• [Task objective]
An exact transcription of all the data is required, with every image removed.

• [Extracted material]
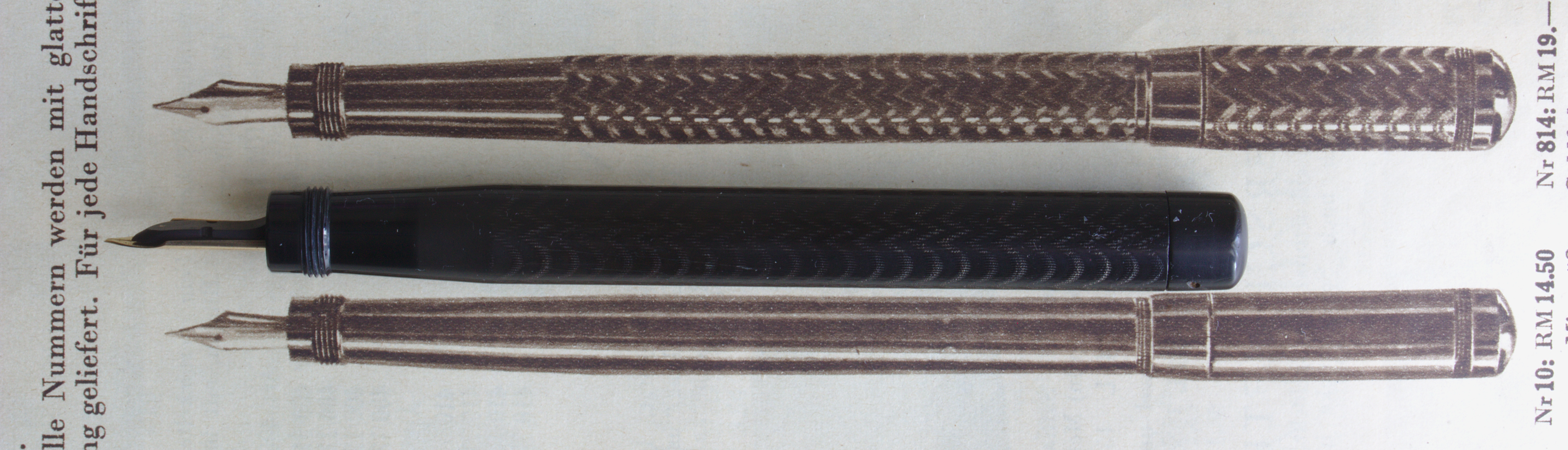 Photo of a pen produced by Soennecken. Model: Soennecken 814. Filling system: safety. In black hard rubber. Courtesy of Fiocchetti (utente forum Fiocchetti).
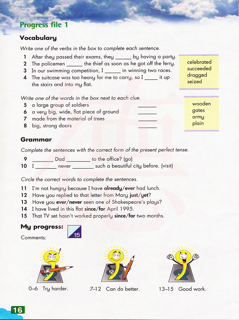 你看过莎士比亚的戏剧吗? 自从1995年4月以来我一直住在我的这套公寓里。 那台电视机两个月来一直不能正常工作。
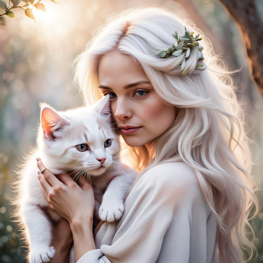 This enchanting watercolor-style painting features a serene woman embracing a soft white kitten amidst a mystical fog, with warm sunlight and rustic textures creating a sense of calm and wonder.
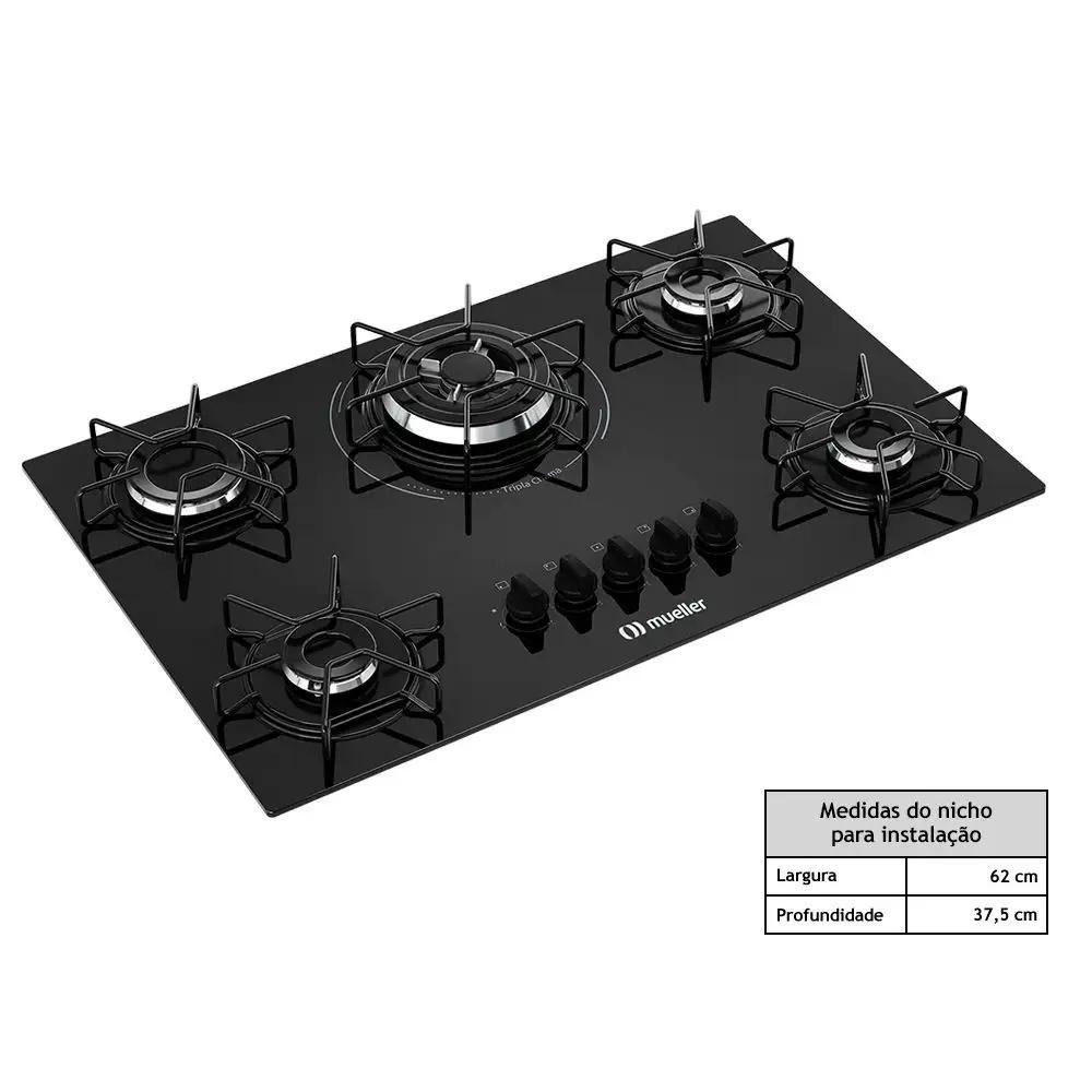 Cooktop a Gás Mueller 5 Bocas Tripla Chama Preto MCG135BG1 – Bivolt
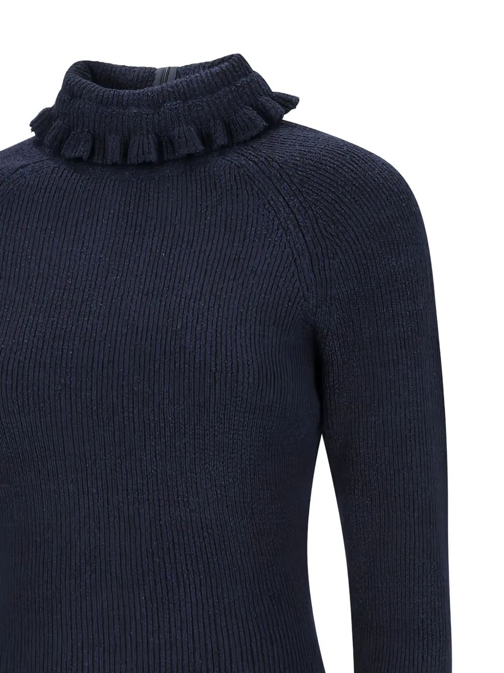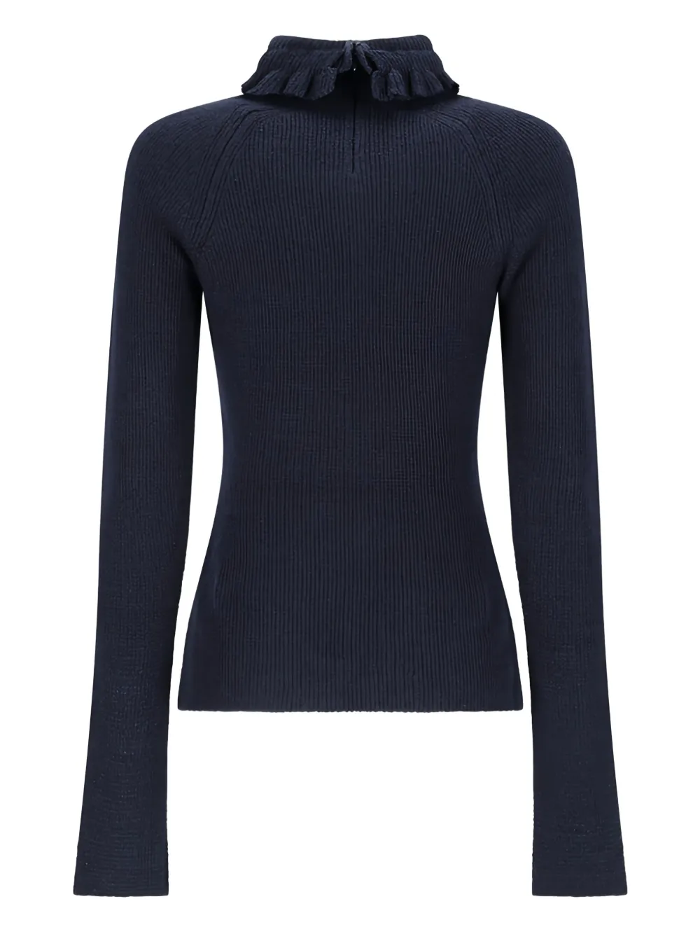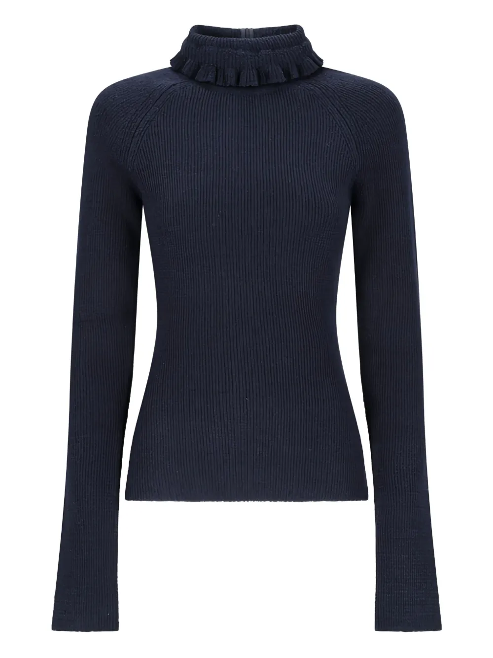 Темно-синий вязаный топ в рубчик с оборками, высоким воротом, длинными рукавами и застежкой-молнией сзади

• [Written solution]
 Photo of a pen produced by Soennecken. Model: Soennecken 814. Filling system: safety. In black hard rubber. Courtesy of Fiocchetti (utente forum Fiocchetti).
 你看过莎士比亚的戏剧吗? 自从1995年4月以来我一直住在我的这套公寓里。 那台电视机两个月来一直不能正常工作。
 This enchanting watercolor-style painting features a serene woman embracing a soft white kitten amidst a mystical fog, with warm sunlight and rustic textures creating a sense of calm and wonder.
 Cooktop a Gás Mueller 5 Bocas Tripla Chama Preto MCG135BG1 – Bivolt
 Темно-синий вязаный топ в рубчик с оборками, высоким воротом, длинными рукавами и застежкой-молнией сзади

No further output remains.